START Provided records

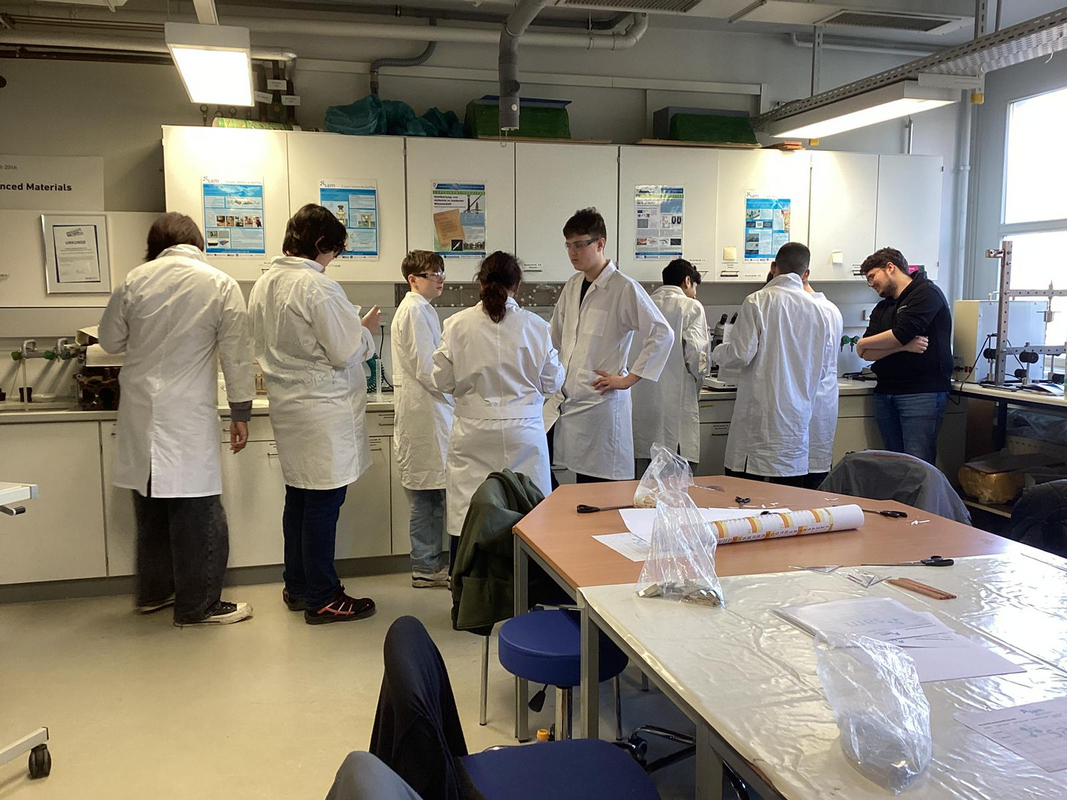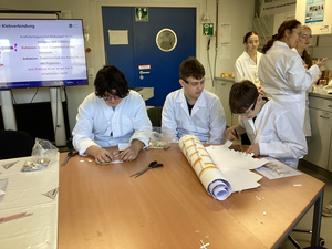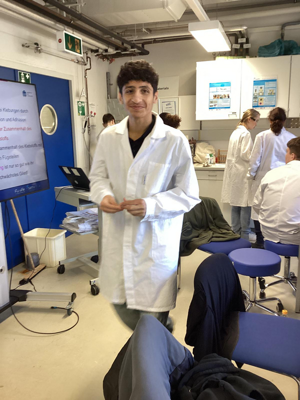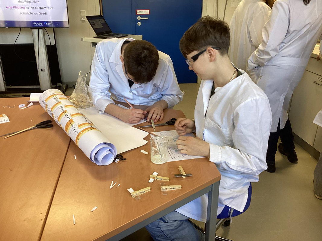 Im Labor wurde nicht nur zugeschaut, sondern kräftig experimentiert: Die Schülerinnen und Schüler stellten verschiedene Klebstoffe eigenständig her und gingen der Frage nach, was einen Kleber eigentlich stark macht. Anschließend wurde es spannend – denn die selbst entwickelten Mischungen mussten ihre Klebkraft auf unterschiedlichen Materialien wie Holz, Kunststoff oder Metall unter Beweis stellen.
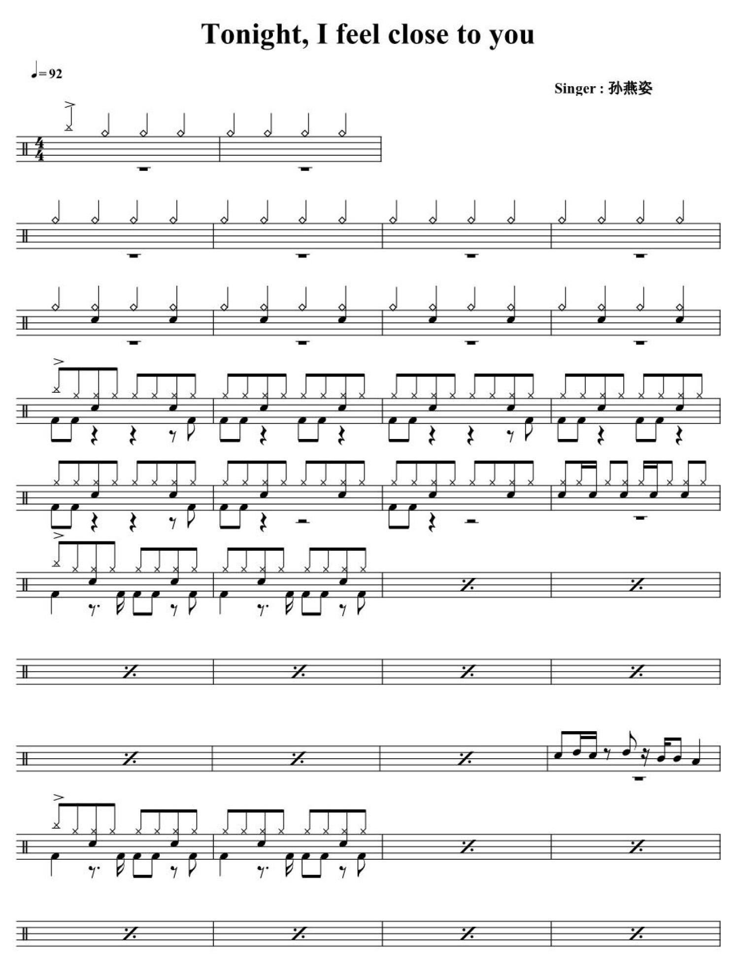 Tonight I feel close to you鼓谱 - 孙燕姿 - 架子鼓谱
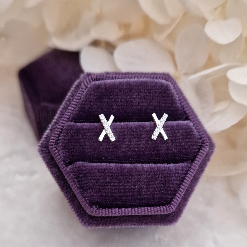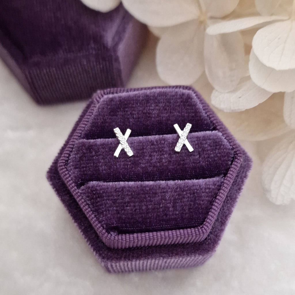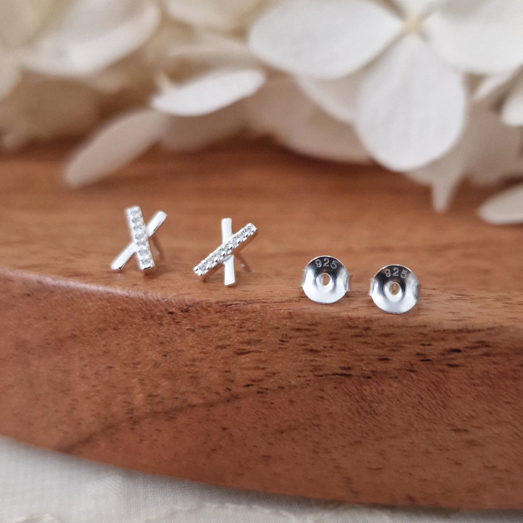 These minimalist cross stud earrings are crafted in solid 925 sterling silver and adorned with sparkling white cubic zirconia. Their sleek, geometric shape adds a subtle yet modern touch to your everyday look. Lightweight and hypoallergenic, they’re perfect for layering or wearing alone.
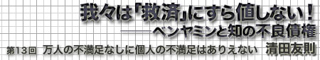とはいえ、いましがた論じたように、その答えもまた我々の楽しい余暇を乱さぬよう、すでに前もって用意されており、我々が「自身の名」という「主体思想」に基づいて判断しようとするかぎり、それが「真の満足」であることに疑いの差し挟みようはない。我々は北朝鮮による拉致被害者たちの変わり果てた洗脳ぶりを見てまるで他人事のように哀れんでいるが、自分のことを棚に上げる余裕を持つ点では実は彼らよりも過酷な思想改造を受けているのかもしれない。それに洗脳をあえて否定しなければならないほど毎日の生活に困窮していない我々は、北朝鮮人の窮乏ぶりを哀れみながらも自分たちには「万人の満足」がかなりの程度かなえられていると内心悦に浸ってもいる。もちろんここでいう「かなりの程度」とは、「満足」の度合いというよりは「万人」の地理政治学的(geopolitical)範囲、いや縄張りであり、実際に餓死の危機に直面している北朝鮮やアフガニスタンの民衆や自国内の被生活保護の母子家庭やホームレスたちは最初から「万人」の範疇から除外される。その証拠に、我々は同時多発テロで殺された「我々のヒーロー」たちには同じ「万人」の一人として怒りと悲しみの涙を惜しみなく流せても、ソマリアの荒れ果てた村でただ死を待つばかりのハエにたかられた栄養失調児に対してはせいぜい「人道支援」や「難民援助」といった普段使い慣れない言葉をよそよそしく(それもテレビ画面越しに)吐く程度であり、国内の隣近所にいる(二極化の波に溺れた)「経済難民」にいたっては、そうした言葉すらない――あるとすれば「自業自得」ぐらいか!――のが現状である。
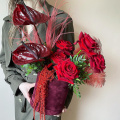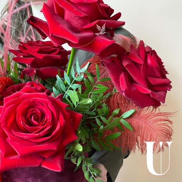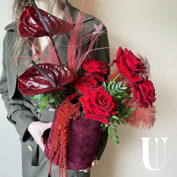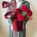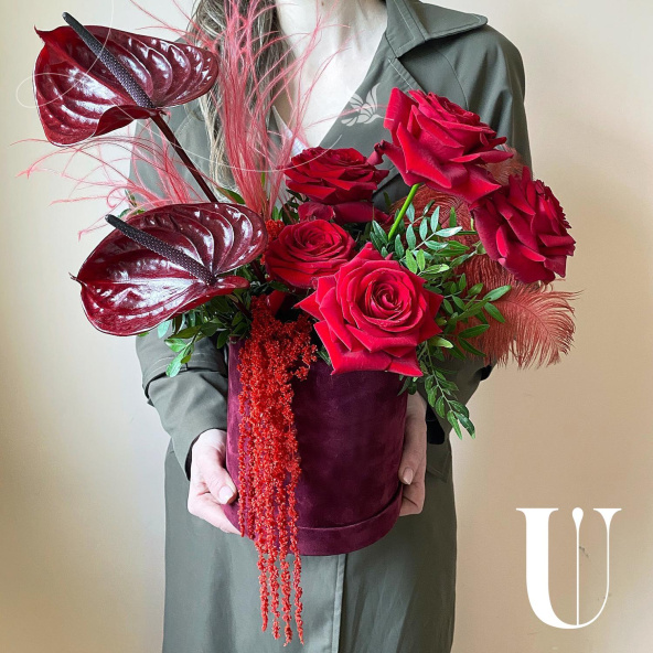 - Шляпная коробка бархатная, красная (выс. 23 см, диам. 20 см) - 1 шт
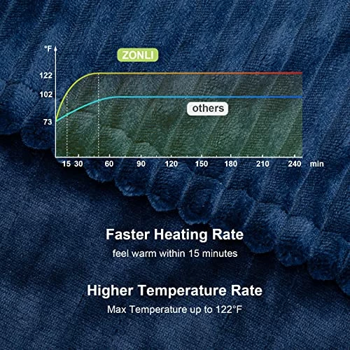 - FAST HEATING – Our electric blanket heats up amazingly fast; you only need to switch between 10 heating levels (82℉-122℉) to as warm as you want; it can heat up to 122°F in 15 minutes. exactly twice as fast as other heating blankets! Heat is more evenly distributed to promote blood circulation, warming and relaxing your body, no more cold!

END Provided records

*Exercise prompt:* Leave every picture out. Retype the remaining data exactly.

*Response:*
 Im Labor wurde nicht nur zugeschaut, sondern kräftig experimentiert: Die Schülerinnen und Schüler stellten verschiedene Klebstoffe eigenständig her und gingen der Frage nach, was einen Kleber eigentlich stark macht. Anschließend wurde es spannend – denn die selbst entwickelten Mischungen mussten ihre Klebkraft auf unterschiedlichen Materialien wie Holz, Kunststoff oder Metall unter Beweis stellen.
 Tonight I feel close to you鼓谱 - 孙燕姿 - 架子鼓谱
 These minimalist cross stud earrings are crafted in solid 925 sterling silver and adorned with sparkling white cubic zirconia. Their sleek, geometric shape adds a subtle yet modern touch to your everyday look. Lightweight and hypoallergenic, they’re perfect for layering or wearing alone.
とはいえ、いましがた論じたように、その答えもまた我々の楽しい余暇を乱さぬよう、すでに前もって用意されており、我々が「自身の名」という「主体思想」に基づいて判断しようとするかぎり、それが「真の満足」であることに疑いの差し挟みようはない。我々は北朝鮮による拉致被害者たちの変わり果てた洗脳ぶりを見てまるで他人事のように哀れんでいるが、自分のことを棚に上げる余裕を持つ点では実は彼らよりも過酷な思想改造を受けているのかもしれない。それに洗脳をあえて否定しなければならないほど毎日の生活に困窮していない我々は、北朝鮮人の窮乏ぶりを哀れみながらも自分たちには「万人の満足」がかなりの程度かなえられていると内心悦に浸ってもいる。もちろんここでいう「かなりの程度」とは、「満足」の度合いというよりは「万人」の地理政治学的(geopolitical)範囲、いや縄張りであり、実際に餓死の危機に直面している北朝鮮やアフガニスタンの民衆や自国内の被生活保護の母子家庭やホームレスたちは最初から「万人」の範疇から除外される。その証拠に、我々は同時多発テロで殺された「我々のヒーロー」たちには同じ「万人」の一人として怒りと悲しみの涙を惜しみなく流せても、ソマリアの荒れ果てた村でただ死を待つばかりのハエにたかられた栄養失調児に対してはせいぜい「人道支援」や「難民援助」といった普段使い慣れない言葉をよそよそしく(それもテレビ画面越しに)吐く程度であり、国内の隣近所にいる(二極化の波に溺れた)「経済難民」にいたっては、そうした言葉すらない――あるとすれば「自業自得」ぐらいか!――のが現状である。
 - Шляпная коробка бархатная, красная (выс. 23 см, диам. 20 см) - 1 шт
 - FAST HEATING – Our electric blanket heats up amazingly fast; you only need to switch between 10 heating levels (82℉-122℉) to as warm as you want; it can heat up to 122°F in 15 minutes. exactly twice as fast as other heating blankets! Heat is more evenly distributed to promote blood circulation, warming and relaxing your body, no more cold!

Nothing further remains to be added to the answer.